First, find the main electrical panel (typically in the utility room) and determine the voltage and amperage available (i.e., 120/240 voltage, 200 amperes service). Second, count how many circuit breakers are in the main service panel. The current is divided into individual branch circuits, each controlled by a separate circuit breaker. A typical house will have a dozen or more circuits, each supplying power up to the circuit breaker and wire-rated limits (15 to 20 amps). Third, determine where each circuit goes to in your house. The label on the circuit breaker should describe the circuit location (i.e., “master bathroom”). Fourth and final, calculate the total power required by the devices plugged into each circuit.

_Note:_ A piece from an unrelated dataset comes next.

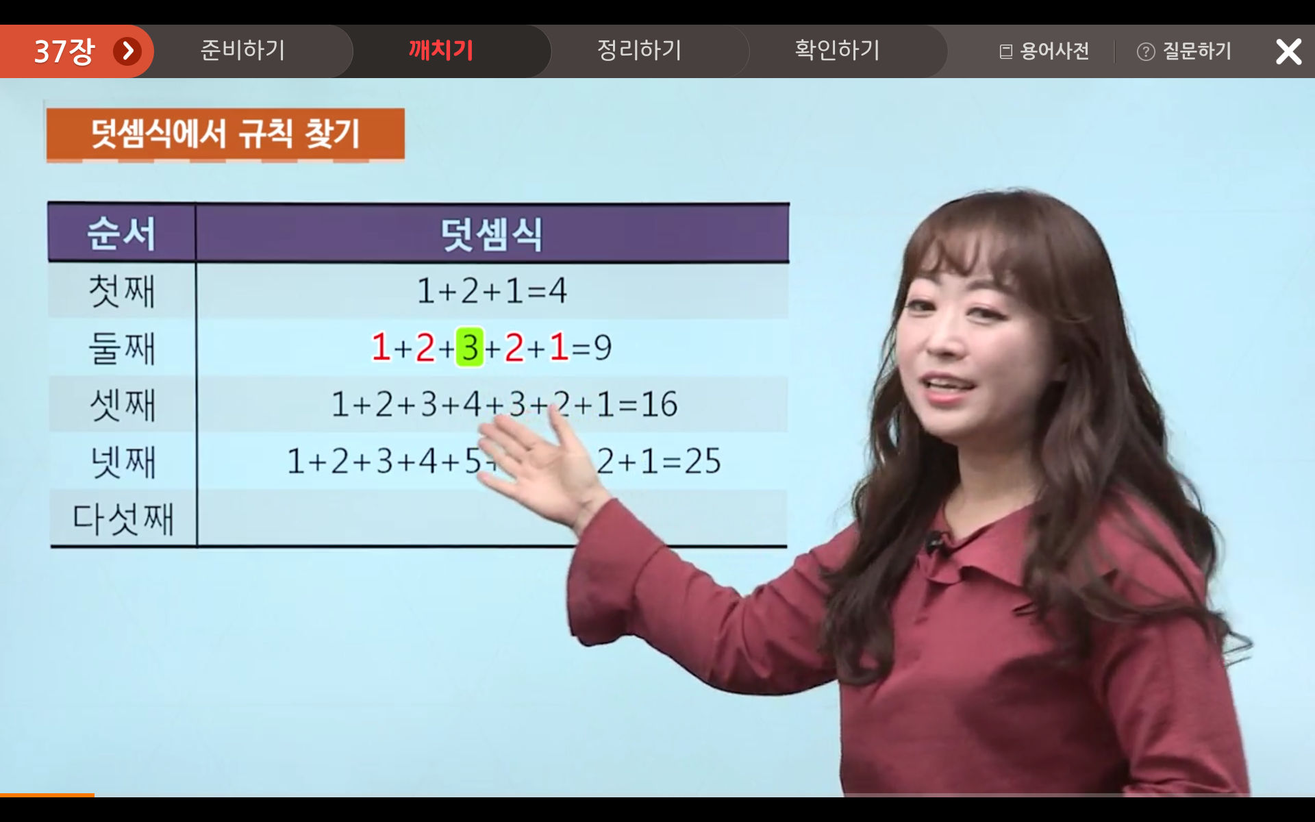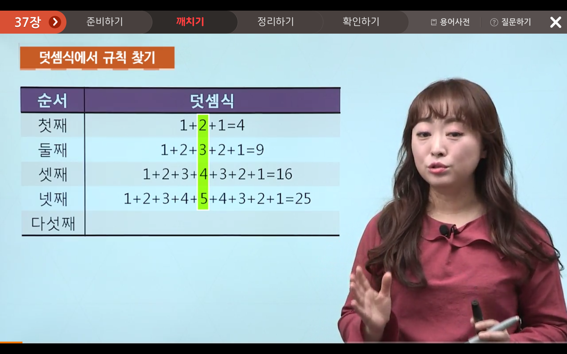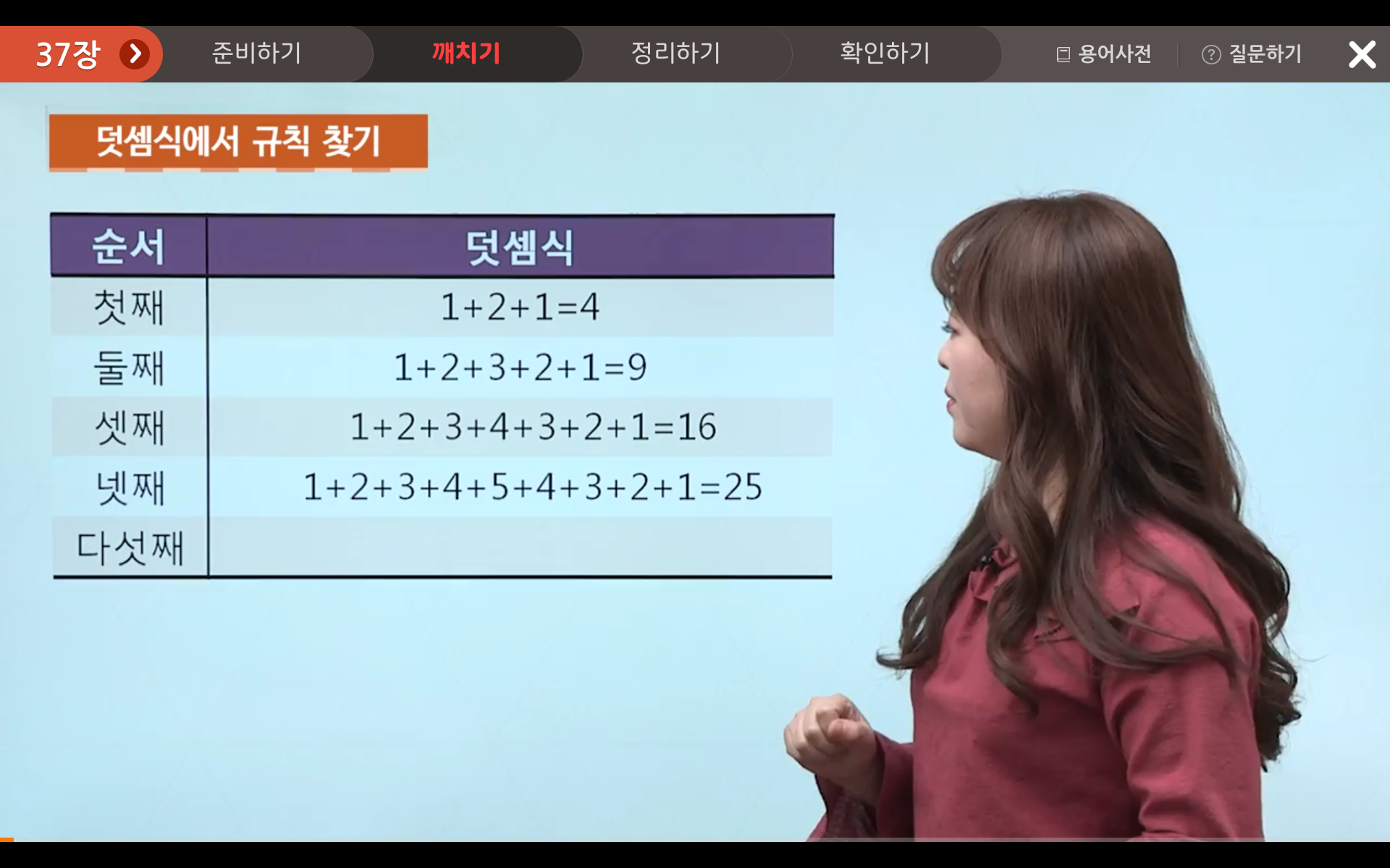 따라서, 다섯째는 1+2+3+4+5+6+5+4+3+2+1이고, 합은 36이 됩니다!

Figure 2 below illustrates a partial house wiring diagram.

Figuring the electrical power used by an appliance begins with an understanding of the relationship between amps, watts and volts — the three key means of measuring electricity. A relationship principle known as Ohm's law states that amperage (A) x volts (V) = watts (W). Using this simple relationship principle, you can calculate the available wattage of any given circuit size:

15-amp, 120-volt circuit: 15 amps x 120 volts = 1,800 watts

20-amp, 120-volt circuit: 20 amps x 120 volts = 2,400 watts

For example, think of a simple hair dryer rated at 1,500 watts running on a 120-volt, 20-amp bathroom branch circuit. Using the W ÷ V = A variation of Ohm's law, you can calculate that 1,500 watts ÷ 120 volts = 12.5 amps. Your hair dryer running at maximum heat can draw 12.5 amps of power. Consideration should be given to the remaining power (900 watts or 7.5 amps) on that 20-amp circuit to avoid overloading the total capacity of 2,400 watts. Beware of adding a power strip to an existing outlet. This adds additional outlets but does not add amperage to the circuit.

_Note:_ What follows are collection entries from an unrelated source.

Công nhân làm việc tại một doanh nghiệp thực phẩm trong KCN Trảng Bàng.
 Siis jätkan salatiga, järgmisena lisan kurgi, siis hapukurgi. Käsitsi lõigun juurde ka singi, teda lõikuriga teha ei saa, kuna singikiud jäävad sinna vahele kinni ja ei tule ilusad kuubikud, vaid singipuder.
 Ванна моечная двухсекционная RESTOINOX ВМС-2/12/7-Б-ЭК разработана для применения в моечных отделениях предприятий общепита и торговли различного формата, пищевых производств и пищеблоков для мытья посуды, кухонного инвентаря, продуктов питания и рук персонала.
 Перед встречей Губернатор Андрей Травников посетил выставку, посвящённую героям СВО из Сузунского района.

The house wiring diagram below illustrates a section of a house or apartment with several rooms and circuits. Let’s use a sample bathroom with a vent fan that draws 120 watts of power, a light fixture that has three 60-watt bulbs (180 watts total), and an electrical outlet where that 1,500-watt hair dryer is plugged. The load on that circuit could reach 1,800 watts, as all of these could easily be drawing power at the same time on the 20-amp circuit (providing 2,400 watts). A circuit overload could occur if you plugged in an additional appliance such as a small space heater drawing 750 watts of power. The total power demand would be 2,550 watts, exceeding the 2,400 watts available and causing the circuit breaker to interrupt (trip) the circuit.

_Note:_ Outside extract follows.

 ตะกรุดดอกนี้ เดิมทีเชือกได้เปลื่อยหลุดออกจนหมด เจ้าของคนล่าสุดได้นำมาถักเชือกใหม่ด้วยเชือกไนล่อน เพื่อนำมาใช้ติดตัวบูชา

Overloading electrical circuits can happen easily and be the cause of a residential fire. Help prevent circuit overloads by knowing the power capabilities of your house. Know the total power consumption of your devices and limit the amount of power demand you place on each circuit. Never exceed the capacity of your circuits and be aware of the warning signs of an overloaded circuit. Getting to know the limits of your house’s power will help lower your risk of electrical fires, prevent overloading your electrical system and keep your family and home safe.